MP and RSV were the most common pathogens in respiratory tract infection in hospitalized children. The novel virus included hMPV and HBoV, which also played an important role in ARI. Different pathogens were prevalent in different ages; with respective seasonal distribution and characteristics.

摘要

目的

阐明2005年至2011年苏州住院儿童急性呼吸道感染(ARI)的病因。

方法

选取2005年9月至2011年10月在苏州大学附属儿童医院住院的10243例ARI患儿纳入研究。收集临床资料,采集鼻咽抽吸物和血清样本进行多病原体检测。采用直接免疫荧光法检测呼吸道合胞病毒(RSV)、甲型和乙型流感病毒(IV-A、IV-B)、1-3型副流感病毒(PIV-1-PIV-3)和腺病毒(ADV)。采用荧光定量PCR检测人博卡病毒(HBoV)、肺炎支原体(MP)和肺炎衣原体(CP),采用逆转录PCR(RT-PCR)检测人偏肺病毒(hMPV)。应用痰培养检测细菌感染,采用定量ELISA检测MP和CP的特异性抗体。分析上述检测结果,探讨不同年龄段儿童中流行的病原体以及该疾病的季节分布和特征。

结果

10243例住院患儿中,5871例至少检测到一种病原体,总阳性率为57.32%;其中病毒样本3326例,阳性率为32.47%(3326/10243),细菌样本2870例,阳性率为28.02%(2870/10243),非典型病原体样本2759例,阳性率为(2759/10243)。MP是最常见的病原体,检出率为25.74%(2637/10243)。RSV(6个月)或PIV-3(8个月)感染患儿的年龄中位数低于所有住院患儿的年龄中位数(12个月)(χ(2)=380.992,34.826,P<0.05)。而ADV(42个月)、HBoV(14个月)或IV-A(24个月)感染患儿的年龄中位数高于所有住院患儿的年龄中位数(χ(2)=83.583,13.169,18.012,P<0.05)。MP(30个月)、肺炎链球菌(17个月)或副流感嗜血杆菌(21个月)感染患儿的年龄中位数高于所有住院患儿的年龄中位数(χ(2)=728.299,60.463,8.803,P<0.05)。年龄小于6个月、7-12个月、2-3岁、4-5岁和6岁以上儿童组中RSV的检出率分别为25.59%(840/3283)、17.05%(333/1953)、11.85%(310/2615)、6.68%(90/1347)和2.87%(30/1045);随年龄增长而降低(χ(2)=178.46,P<0.01)。

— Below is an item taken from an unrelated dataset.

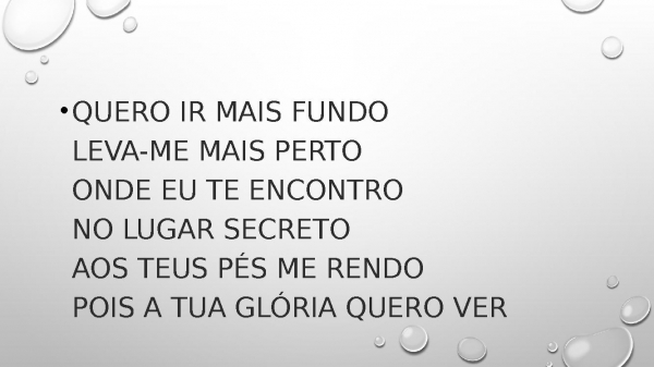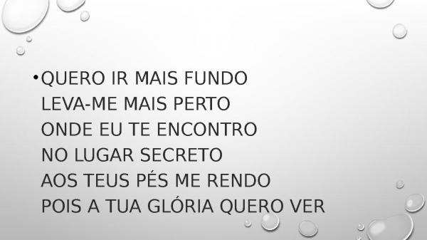 - Quero ir mais fundoLeva-me mais pertoOnde eu Te encontrono Lugar SecretoAos Teus pés me rendoPois a Tua Glória quero ver

相反,MP的阳性率随年龄增长而升高(χ(2)=379.21,P<0.01)。上述组中的比例分别为8.25%(271/3283)、19.46%(380/1953)、33.00%(863/2)、41.43%(558/1347)、54.07%(565/1045)。RSV和IV-A在冬季流行,检出率分别为35.73%(941/2634)和4.44%(117/2634)。hMPV感染在春季常见,检出率为10.55%(278/2634);而HBoV感染在夏季和秋季常见,阳性率分别为9.99%(149/1491)和9.71%(98/1009)。MP和CP在夏季检出率较高,分别高达31.2(819/2619)和10.07%(43/427)。RSV是细支气管炎中最常见的病原体(33.27%(866/2603)),MP是支气管肺炎(26.05%(1152/4422))和大叶性肺炎(52.25%(267/511))中最常见的病原体。

结论

MP和RSV是住院儿童呼吸道感染最常见的病原体。新型病毒包括hMPV和HBoV,它们在ARI中也起重要作用。不同病原体在不同年龄段流行,有各自的季节分布和特征。